■ GIVEN RECORDS

########################################

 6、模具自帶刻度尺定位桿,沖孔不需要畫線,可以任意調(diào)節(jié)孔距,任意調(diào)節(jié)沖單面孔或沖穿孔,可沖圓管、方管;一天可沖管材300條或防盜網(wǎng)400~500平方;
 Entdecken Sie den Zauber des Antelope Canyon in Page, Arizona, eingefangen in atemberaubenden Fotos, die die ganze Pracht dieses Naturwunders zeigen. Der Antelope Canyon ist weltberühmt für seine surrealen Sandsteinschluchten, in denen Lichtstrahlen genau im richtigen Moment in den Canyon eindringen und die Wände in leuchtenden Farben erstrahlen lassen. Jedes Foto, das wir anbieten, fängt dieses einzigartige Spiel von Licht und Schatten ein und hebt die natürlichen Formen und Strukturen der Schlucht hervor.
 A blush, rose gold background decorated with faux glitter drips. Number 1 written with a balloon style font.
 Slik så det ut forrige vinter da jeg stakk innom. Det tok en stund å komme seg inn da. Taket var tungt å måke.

########################################

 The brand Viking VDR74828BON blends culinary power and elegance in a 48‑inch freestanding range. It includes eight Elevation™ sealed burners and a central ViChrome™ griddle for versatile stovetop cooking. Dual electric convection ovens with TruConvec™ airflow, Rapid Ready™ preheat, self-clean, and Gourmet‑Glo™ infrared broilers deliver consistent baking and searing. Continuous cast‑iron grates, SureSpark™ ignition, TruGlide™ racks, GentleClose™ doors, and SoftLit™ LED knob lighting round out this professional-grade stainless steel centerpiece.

########################################

■ ASSIGNMENT
Everything above from the line containing "Entdecken Sie den" down to the line containing "Slik så det" is to be transcribed exactly, with both of those lines included and nothing else added.

■ ANSWER SPACE
 Entdecken Sie den Zauber des Antelope Canyon in Page, Arizona, eingefangen in atemberaubenden Fotos, die die ganze Pracht dieses Naturwunders zeigen. Der Antelope Canyon ist weltberühmt für seine surrealen Sandsteinschluchten, in denen Lichtstrahlen genau im richtigen Moment in den Canyon eindringen und die Wände in leuchtenden Farben erstrahlen lassen. Jedes Foto, das wir anbieten, fängt dieses einzigartige Spiel von Licht und Schatten ein und hebt die natürlichen Formen und Strukturen der Schlucht hervor.
 A blush, rose gold background decorated with faux glitter drips. Number 1 written with a balloon style font.
 Slik så det ut forrige vinter da jeg stakk innom. Det tok en stund å komme seg inn da. Taket var tungt å måke.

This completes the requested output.